• Data extracts:
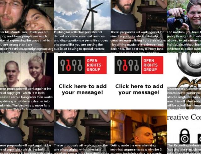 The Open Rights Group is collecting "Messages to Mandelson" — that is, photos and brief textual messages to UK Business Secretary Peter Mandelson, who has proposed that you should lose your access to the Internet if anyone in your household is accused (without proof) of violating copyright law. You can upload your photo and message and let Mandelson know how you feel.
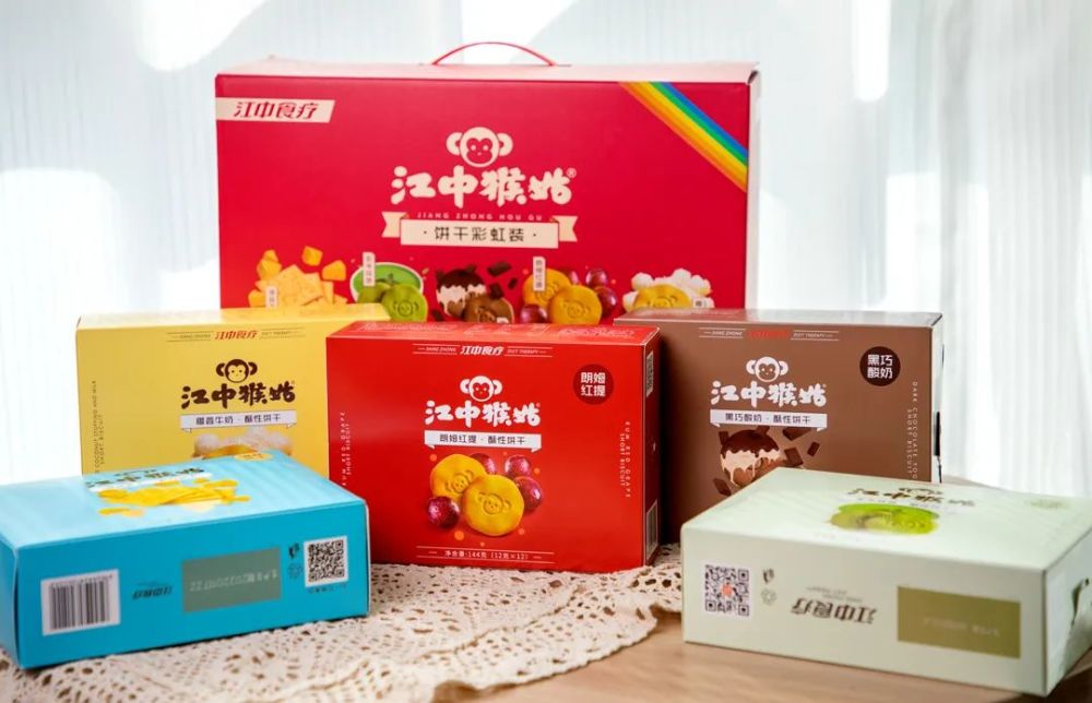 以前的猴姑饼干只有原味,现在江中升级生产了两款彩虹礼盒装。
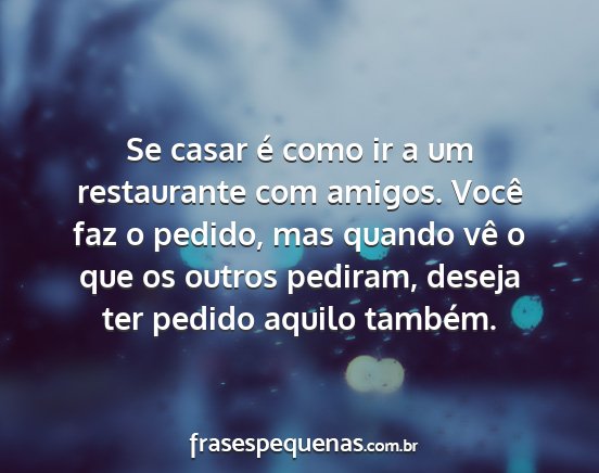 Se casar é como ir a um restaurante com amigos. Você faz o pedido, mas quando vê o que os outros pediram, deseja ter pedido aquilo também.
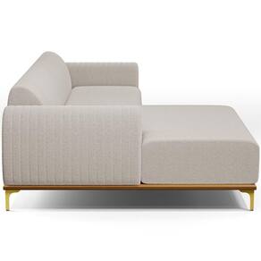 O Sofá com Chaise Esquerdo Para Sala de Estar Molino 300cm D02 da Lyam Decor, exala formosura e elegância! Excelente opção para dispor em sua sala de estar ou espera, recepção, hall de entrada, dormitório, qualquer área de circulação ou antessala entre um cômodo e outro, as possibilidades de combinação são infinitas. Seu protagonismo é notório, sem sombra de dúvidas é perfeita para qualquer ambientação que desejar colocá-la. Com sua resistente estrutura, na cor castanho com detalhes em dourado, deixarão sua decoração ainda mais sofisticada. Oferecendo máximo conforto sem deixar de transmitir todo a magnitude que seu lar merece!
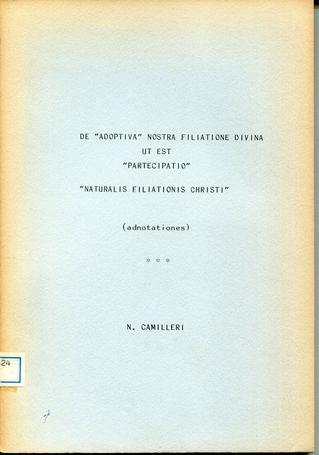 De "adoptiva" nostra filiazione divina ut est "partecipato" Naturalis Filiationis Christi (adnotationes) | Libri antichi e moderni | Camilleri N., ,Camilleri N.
...
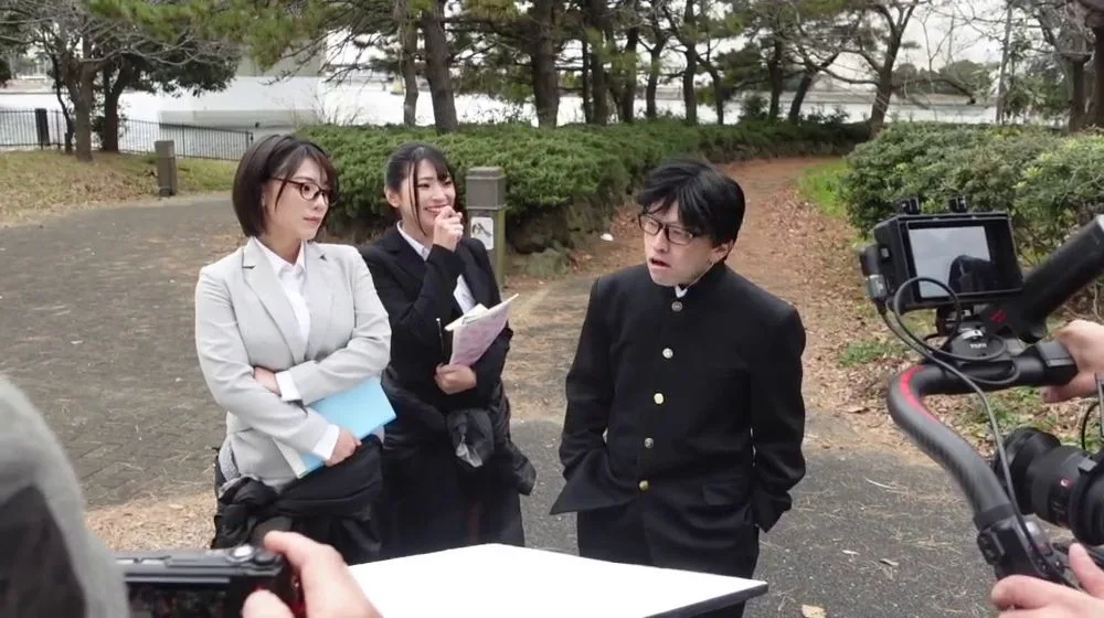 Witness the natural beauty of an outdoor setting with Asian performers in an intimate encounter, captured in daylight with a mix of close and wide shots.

• What the task requires:
Reproduce exactly, with no pictures, the lines above from the one holding "以前的猴姑饼干只有原味,现在江中升级生产了两款彩虹礼盒装。" to the one holding "Se casar é como", inclusive.

• Answer box:
 以前的猴姑饼干只有原味,现在江中升级生产了两款彩虹礼盒装。
 Se casar é como ir a um restaurante com amigos. Você faz o pedido, mas quando vê o que os outros pediram, deseja ter pedido aquilo também.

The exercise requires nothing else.